We are all members of the precariat as long as we’re still breathing.

7 Comments

  1. Joel
    Joel February 15, 2016 9:02 am

    What an interesting word! I may well appropriate it. From your Wikipedia link: “…the precariat is a social class formed by people suffering from precarity, …” and there’s another word I must research.

    The writer seems to assume, however, that all those experiencing ‘precarity,’ whatever it is, are ‘suffering’ from it. For some of us, it’s a chosen lifestyle.

    For lots of others, though, probably a condition to be suffered through. When I was still trying to claw my way back into the middle class in California, before giving that up as a bad job and moving to the desert, a certain amount of mental suffering was part of the description.

    Interesting reads! Thank you.

  2. Gene
    Gene February 15, 2016 10:35 am

    (Precariat) HEH. I love it. Now I have a word that is utterly descriptive of me.
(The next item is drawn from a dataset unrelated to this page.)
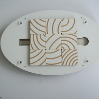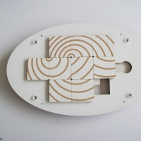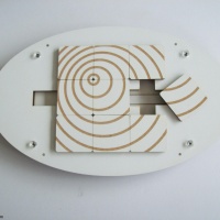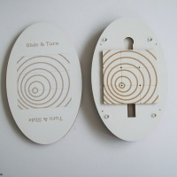 This is a sliding puzzle with 9 sliding pieces. In the middle there is a sliding element with 3 pieces that move at the same time to the left or the right. On one of the sides is it possibility that 1 piece can rotate 360 degrees around the axis.

I can now look down my nose when I tell some one what I am
    . When they say “HUH”, I can be artsy fartsy and uppity in my demeanor with my explanation of “Precariat”.

  3. MamaLiberty
    MamaLiberty February 15, 2016 10:50 am

    The term precariat may be new, but the situation described (the independent part) is certainly something that’s been around for a very long time.

    My father was born in 1886 in the Dakota territories. When he left the ranch in the Black Hills, he took up hunting for the Great Northern Railway, feeding the crews that built the tracks. He was a free lance hunter, and I suspect never wanted to be anything else. In later life, he held several ordinary “jobs,” but his outlook was anything but “blue” or “white” collar.

    Don’t believe that he ever saw himself or his family as “suffering” anything because of it. We had hard times, like so many others, but we were always as independent as we could be.

    I got to be, more or less, like a “middle class” person for a while before I retired. Damn near kilt me. 🙂

  4. Steve Trinward
    Steve Trinward February 15, 2016 5:55 pm

    Delightful term, and I embrace it willingly. It’s been almost 20 years since my last “day job” (though I have freelanced and contracted with about a hundred people since then, including some pizza delivery and test scoring for ‘legit’ operations). Now that I am past the Socialist inSecurity mark, I have that smidgen of what was stolen coming back as well, but have found ways to augment it anyway. Never crossed the $30K level even when I was “working for” (rather than with) someone else, but I have rarely missed a meal or lacked a roof over my head. Precariatus perpetuus!

  5. Eric Oppen
    Eric Oppen February 16, 2016 9:54 am

    Great term! I’ve been freelancing in one capacity or other for years, and I hate it with the fury of a thousand white-hot suns. I would mortgage my soul for a regular job.

  6. LarryA
    LarryA February 16, 2016 9:56 am

    I have a friend who is sweating bullets because the product he’s producing for his employer is getting obsolete, and the employer is going broke producing it, so he’s dreading the “pink slip” experience.

    And he simply can’t comprehend working as anything but someone’s employee.

    And we’re the precariat?

  7. capn
    capn February 16, 2016 11:45 am

    Steve Trinward has exactly described my biography ( I had to check my ‘pooter files to be sure it was still there … no visible foot or finger prints …) it matches my life so nearly perfectly. Minus the pizza delivery and test scoring gigs we could be twins of different mothers.

    Is it allowed to act “hoity-toity” when asked what that word hand printed on my tee shirt means? I wouldn’t want to be dropped back into the “Traditional Lower Class”. I did not enjoy Poverty at all even though I have never really left it behind, as yet. Is there a distinction between the Precariat and Traditional Lower classes? Traditional Lower Precariat maybe?

    My new tee (hand lettered for originality points of course) “Proud to be Traditional Lower Precariat.” Available in grey or prison orange.